§ **The problem**
Omit the pictures and return exactly the stretch of the material below from the line with "针织打底衫 女半高领宽松毛衣秋冬加厚羊绒长袖 品牌高级感羊毛衫" through the line with "本文提出的多融合特征提取方法".

§ **Task material**
· · ·
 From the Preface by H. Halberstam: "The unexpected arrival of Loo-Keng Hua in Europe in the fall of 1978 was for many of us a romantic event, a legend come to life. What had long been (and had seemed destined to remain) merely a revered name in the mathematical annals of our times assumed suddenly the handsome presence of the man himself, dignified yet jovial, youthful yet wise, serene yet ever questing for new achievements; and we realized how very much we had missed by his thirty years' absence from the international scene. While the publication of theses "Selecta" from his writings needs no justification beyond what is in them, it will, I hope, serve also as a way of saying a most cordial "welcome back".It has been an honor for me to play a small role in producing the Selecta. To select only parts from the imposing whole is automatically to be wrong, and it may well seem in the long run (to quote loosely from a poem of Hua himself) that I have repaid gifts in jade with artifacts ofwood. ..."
· · ·
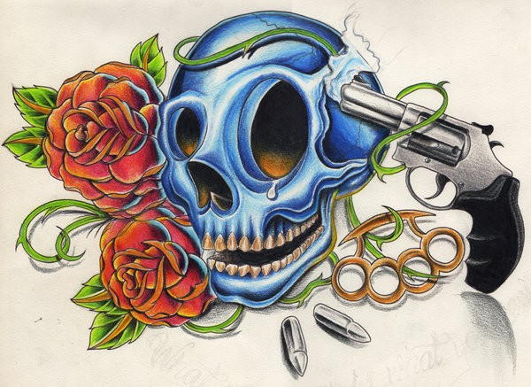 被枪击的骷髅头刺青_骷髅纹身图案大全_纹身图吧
· · ·
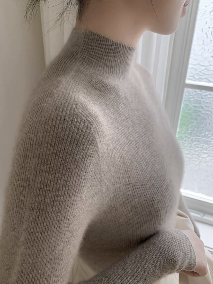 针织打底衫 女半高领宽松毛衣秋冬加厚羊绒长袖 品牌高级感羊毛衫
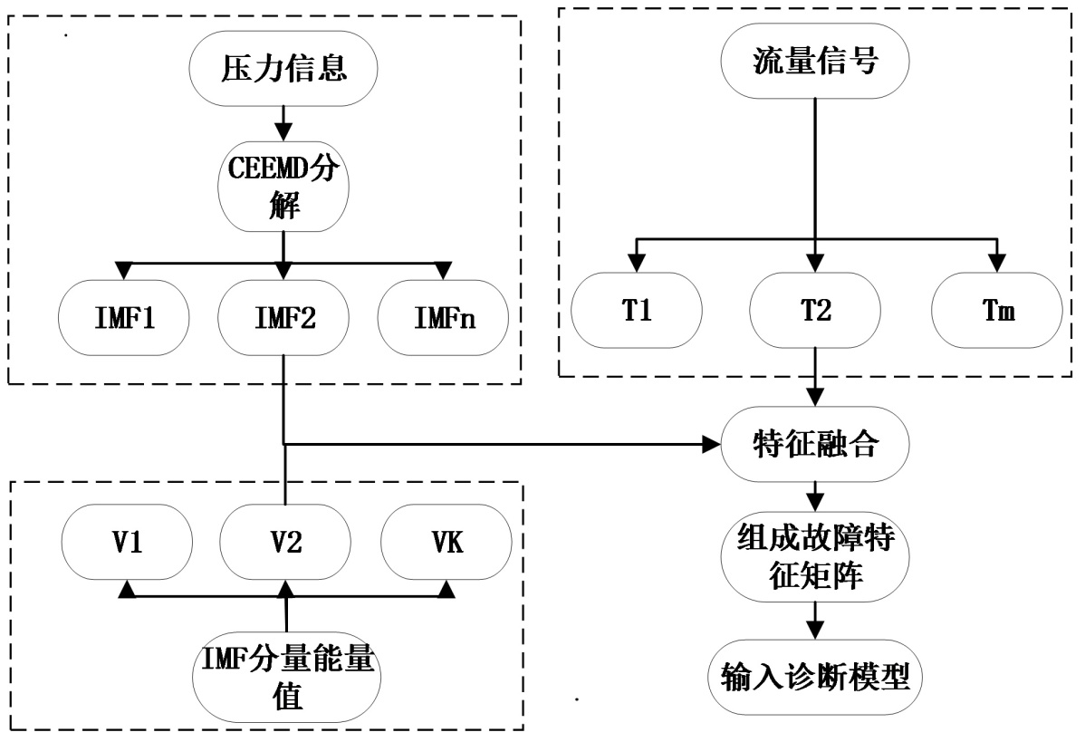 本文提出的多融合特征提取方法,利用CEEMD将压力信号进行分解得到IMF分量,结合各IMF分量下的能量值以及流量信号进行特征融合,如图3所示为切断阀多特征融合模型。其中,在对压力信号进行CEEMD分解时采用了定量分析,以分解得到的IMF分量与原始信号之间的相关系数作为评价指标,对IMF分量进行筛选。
· · ·
§ **Exercise response**
 针织打底衫 女半高领宽松毛衣秋冬加厚羊绒长袖 品牌高级感羊毛衫
 本文提出的多融合特征提取方法,利用CEEMD将压力信号进行分解得到IMF分量,结合各IMF分量下的能量值以及流量信号进行特征融合,如图3所示为切断阀多特征融合模型。其中,在对压力信号进行CEEMD分解时采用了定量分析,以分解得到的IMF分量与原始信号之间的相关系数作为评价指标,对IMF分量进行筛选。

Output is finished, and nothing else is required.